Nomfundo Ndlovu and Michael Batch are among 12 boys and girls aged 18 to 23 who have come forward to discuss their dilemmas and ask the audience and experts for solutions on the government-financed interactive programme "Choice", which is broadcast every Tuesday on the television channel SABC 1 and then debated on radio Metro FM.

Nomfundo, a schoolgirl from KwaZulu Natal province, explains on the set how she met her boyfriend four years ago and had a baby with him before discovering she was HIV positive. The father of her child refuses to have himself tested for AIDS and refuses to use contraceptives.

"Should I insist on my boyfriend using a condom or not? Do I not risk losing him? He says he'll die before he get tested," she asks. Young people in the audience cry out their advice: "Start a new life", "Leave him", "It's like he's not interested in your life."

Doctors, social workers and experts, also on the set, give their opinions to try to help young people in the same situation understand what choices they have.

Michael, 21, from Western Cape in the southwest of the country, has a different problem.
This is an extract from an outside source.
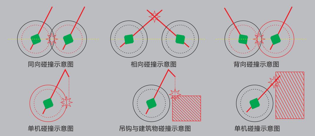 區(qū)域主動(dòng)防碰撞系統(tǒng): 通過雷達(dá)主動(dòng)監(jiān)測起重機(jī)易碰運(yùn)動(dòng)部位路徑,探測區(qū)域空間內(nèi)是否有障礙物,以此來避免吊機(jī)與吊機(jī)間,回轉(zhuǎn)部位與其它物體、臂架與周邊物體之間的區(qū)域空間是否安全,在安全區(qū)被入侵時(shí)發(fā)出聲、光報(bào)警,甚至給出止??刂菩盘?,實(shí)現(xiàn)主動(dòng)防碰撞監(jiān)測保障設(shè)備安全。

He has a degree, which makes him overqualified for entry-level jobs.

"Should I settle for any available job, go overseas or stay unemployed 'till I get the job I'm qualified for?"

As well as HIV-AIDS, which affects six million South Africans, and unemployment, which concerns 30 percent of the population, the young people discuss a whole range of problems from teenage pregnancy and career plans to relations with their parents and violence -- questions which are all the more topical given that 15-34 year-olds represent almost 38 percent of the country's population of 46.4 million.

"The programme is about life-changing choices. The participants are people who have not made their choices, it's young people who are faced with a dilemma, who need guidance, so that they can make an informed choice," says Paddy Nhalpo, campaign manager for Choice.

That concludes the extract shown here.